Here is a solution using groupby and diff:
MIN_LIMIT = 5
def remove_duplicated_entries(df):
time_diff = df['time'].diff()
return df[(time_diff.dt.seconds > MIN_LIMIT*60) | (time_diff.isna())]
# Created to sort ids to ignore the order in the groupby. You can reuse id1 and id2 instead if you don't care.
df[['id_min', 'id_max']] = np.sort(df[['id1', 'id2']], axis=1)
clean_df = df.sort_values('time').groupby(['id_min', 'id_max'], as_index=False).apply(remove_duplicated_entries).reset_index(drop=True).drop(columns=['id_min', 'id_max'])
Which results in:
id1 id2 time
0 56 99 2007-04-06 15:49:21
1 56 104 2007-04-06 18:26:13
2 56 104 2007-04-13 11:27:52
3 56 104 2007-04-13 11:34:25
4 56 104 2007-04-13 14:35:52
5 128 105 2007-03-27 18:39:45
6 217 256 2007-03-29 14:55:57
Please note that using diff assumes the time column is sorted in ascending order (hence the sort_values to make sure it is the case).

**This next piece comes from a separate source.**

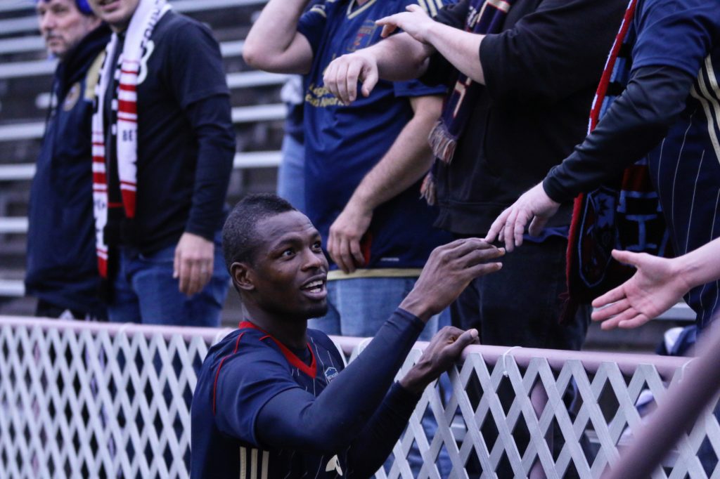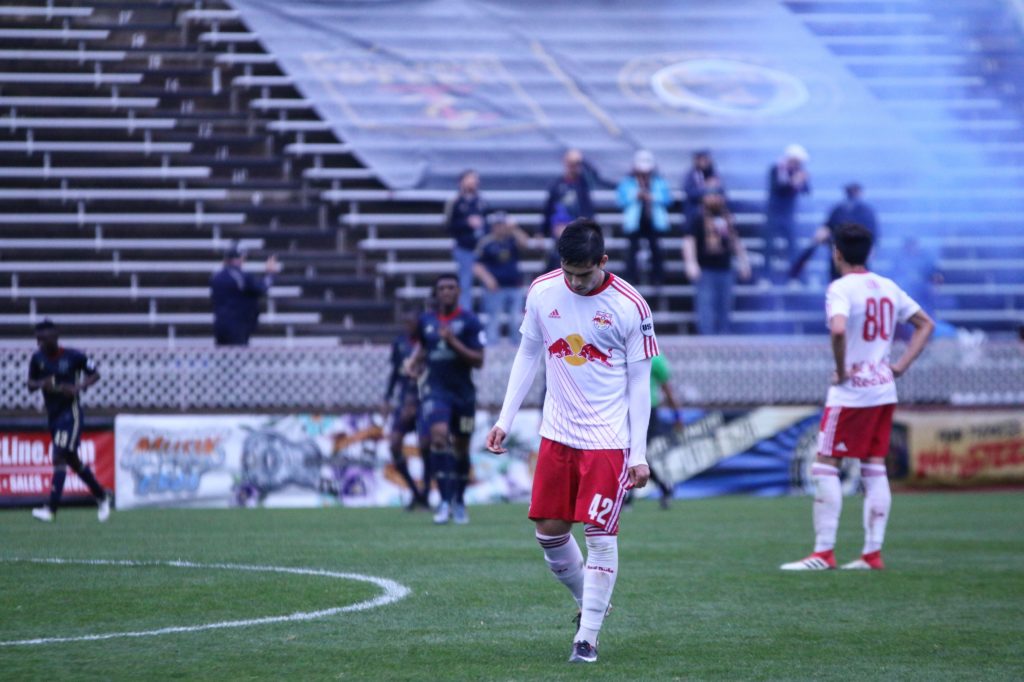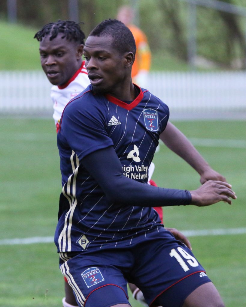 Captain Derrick Jones awaits the opening whistle.Apart from a first minute strike off the bar from Cory Burke, Red Bulls II were on the front foot to start the match.The Steel were able to conjure up a chance and newcomer Michee Ngalina did not disappoint.Oliver Mbaizo wins a header over Red Bulls academy product Ben Mines.Derrick Jones sets the tone with his energy in the midfield.And once more…The ever vocal John McCarthy barks his orders to the backline.Burke imposes his presence on the game……Which came at a cost as he gets fouled by a Red Bull defender.A wonderfully executed counter attack leads to Fabian Herbers extending the Steel’s advantage.This was the match Herbers has needed.Jump ball.Mbaizo attempts to block a cross.It was a frustrating day in Bethlehem for NYRB II.Red Bull puts a shot into the back of the net, only to be ruled offside.Looking to keep up the energy, Steel sub on fresh legs in the form of Tonny Temple.Burke and Jones in mid-discussion.Adam Najem nets a stoppage time goal to seal the match. 3-0 full-time.Cory Burke embraces the fans post match.

EDIT after discussion (see comments): The following test set breaks the answer from @Ynjxsjmh too (note the new items at the end):
df = pd.DataFrame({'id1':[56, 56, 56, 56, 56, 56, 56, 128, 217, 104, 104],
'id2':[99, 104, 104, 104, 104, 104, 104, 105, 256, 56, 56],
'time': pd.to_datetime(['2007-04-06 15:49:21', '2007-04-06 18:26:13', '2007-04-13 11:27:52', '2007-04-13 11:28:41',
'2007-04-13 11:28:52', '2007-04-13 11:34:25', '2007-04-13 14:35:52',
'2007-03-27 18:39:45', '2007-03-29 14:55:57', '2007-04-13 11:34:35', '2007-04-13 14:36:35'])})
The result with their answer is:
id1 id2 time
0 56 99 2007-04-06 15:49:21
1 56 104 2007-04-06 18:26:13
5 56 104 2007-04-13 11:34:25
6 56 104 2007-04-13 14:35:52
7 128 105 2007-03-27 18:39:45
8 217 256 2007-03-29 14:55:57
9 104 56 2007-04-13 11:34:35
10 104 56 2007-04-13 14:36:35
CodePudding user response:
If there is no order (ascending/descending) for the time column use the code from @Ynjxsjmh as is.
and modify the code from @user2246849 by removing sort_values('time')
Thank you to both, for sharing these different approaches.